Monday, Aug. 23, 1937
Caesar for Safety
In Manhattan last week the songwriting team which gave the world Is It True What They Say About Dixie?, Composer Gerald Marks & Lyricist Irving Caesar, journeyed from Tin Pan Alley northward to Teachers College at Columbia University to address a summer class in "Safety Care." The class--students, health educators and playground supervisors from all over the U. S.--soon were beating time to fox trots and waltzes with such words as:
Don't do tricks you think you know,
'Cause you saw them at the show;
Keep cool as an icicle
When you ride a bicycle.
Because he believes that listening to the radio has given U. S. children sophisticated musical tastes, Songwriter Caesar last winter set out to provide modern words and music for classroom songs. Irving Caesar has no dependents except his mother and a dog (see cut), but he was brought into the world on Manhattan's lower East Side with the help of a nurse from the Henry Street Settlement, and knows the hazards city life presents to the young. Deploring the fact that for generations musicians have been writing down to the young, he wrote 21 songs, for which Composer Marks did 21 tunes, which are mature, rhythmic yet easily singable, easily playable by teacher or parent. The collection is to be published as Sing a Song of Safety, with illustrations by Rose ("Kew-pies") O'Neill.

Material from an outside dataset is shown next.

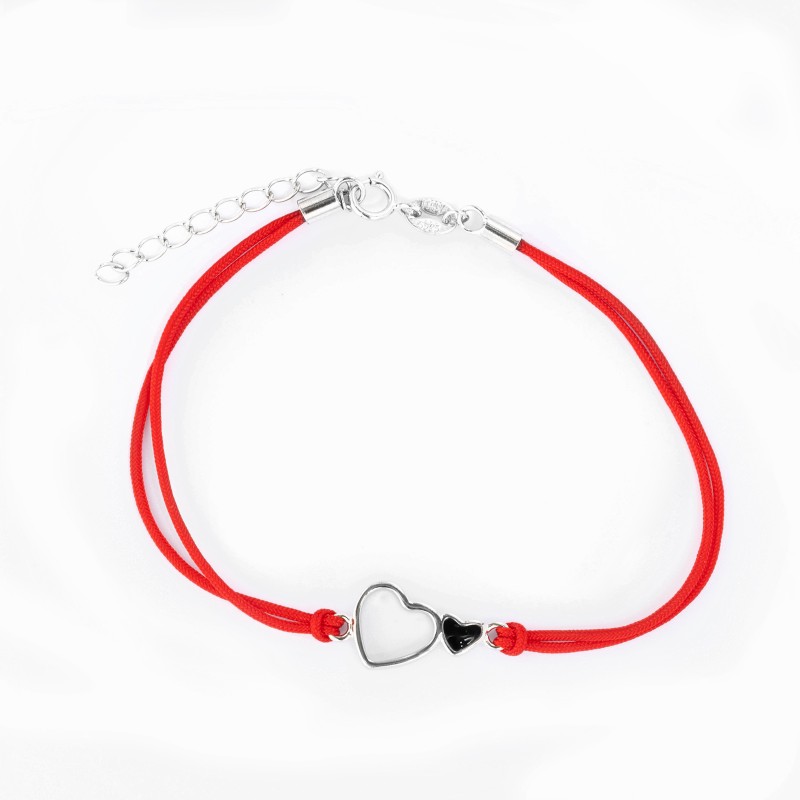 Motyw podwójnych serc symbolizuje miłość i związek pomiędzy dwiema osobami. Sznurek natomiast dodaje bransoletce lekkości i sprawia, że jest to idealny dodatek na co dzień.

Besides their warnings against the dangers of traffic, the Caesar-Marks songs are calculated to inculcate in children respect for law & order (The Policeman, The Fireman and the Postman, Too), practicality (Remember Your Name and Address), fortitude (Never Be Afraid of Anything). Observes Sticks and Stones and Bones:
Throwing stones and sticks and bones,
At poor defenceless animals,
Is not much fun, it's only done
By Savages and Cannibals.
Pop Guns and Rifles, whose caustic harmonies aid in describing the appalling results of the "dangerous joys" of firearms, has already earned the approbation of the American Society for the Prevention of Blindness.
To the Teachers College pedagogs, who showed instant enthusiasm for his songs and will no doubt plug them tirelessly this winter, Mr. Caesar said: "Maybe these songs of safety will get me to Heaven when my hi-de-ho songs would be sure to send me to a hotter region."